## Problem to work on
The lines you should transcribe are those from the one containing "Представяме ви многофункционална" to the end of the listing below, exactly, with pictures left out.

## Information shown
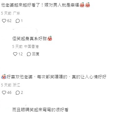 網民看到影片後都忍不住大讚「老婆越來越好看!嫁對男人就是幸福」、「陳茵媺笑起來真係好甜」、「好喜歡他老婆,每次都笑嘻嘻的,真的讓人心情好好」、「簡直就甜到爆」、「很有氣質很舒服的美」、「什麼時候都這麼甜」。
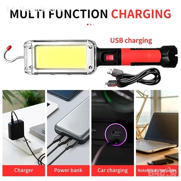 Представяме ви многофункционална и мощна акумулаторна преносима LED къмпинг лампа осветление, идеална за къмпинг, туризъм, риболов, ремонтни дейности и други ситуации, където е необходимо надеждно осветление.
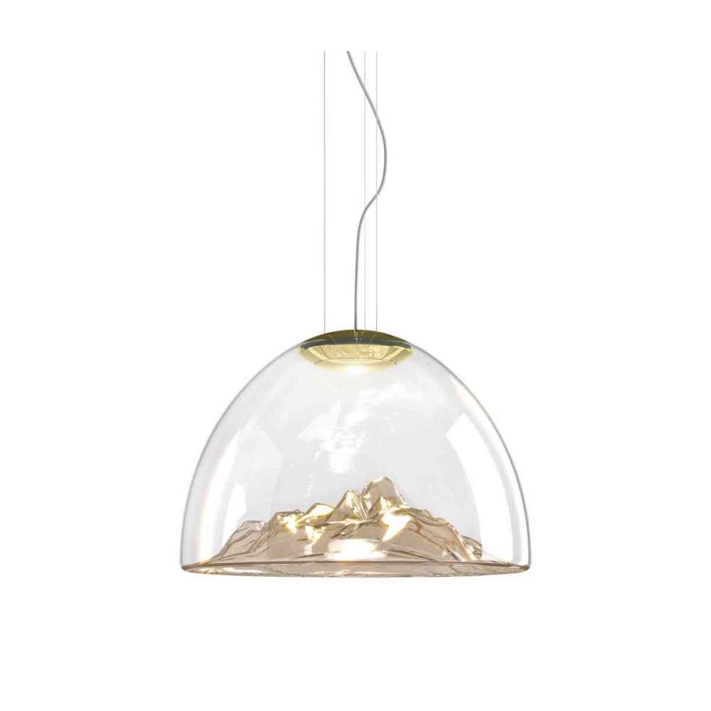 Przezroczysta zawieszka z dmuchanego szkła, dostępna z dekoracją lub bez na górze. Wbudowane źródło światła LED. Lampa projektu Dima Loginoff.
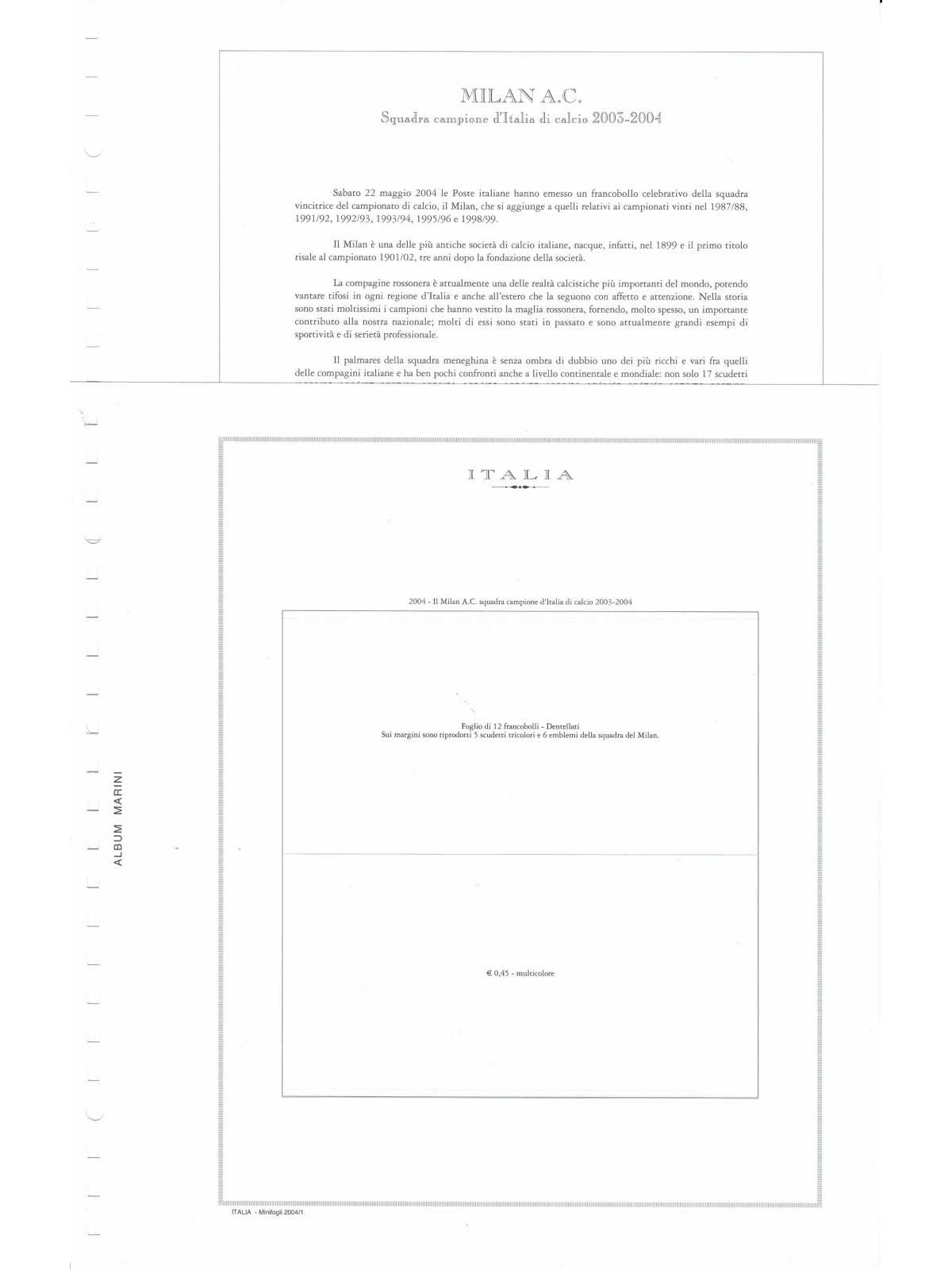 LA PAGINA IN VENDITA E' LA NUMERO ITALIA 2004 - MILAN A.C. + MINIFOGLI 2004/1

## The answer
 Представяме ви многофункционална и мощна акумулаторна преносима LED къмпинг лампа осветление, идеална за къмпинг, туризъм, риболов, ремонтни дейности и други ситуации, където е необходимо надеждно осветление.
 Przezroczysta zawieszka z dmuchanego szkła, dostępna z dekoracją lub bez na górze. Wbudowane źródło światła LED. Lampa projektu Dima Loginoff.
 LA PAGINA IN VENDITA E' LA NUMERO ITALIA 2004 - MILAN A.C. + MINIFOGLI 2004/1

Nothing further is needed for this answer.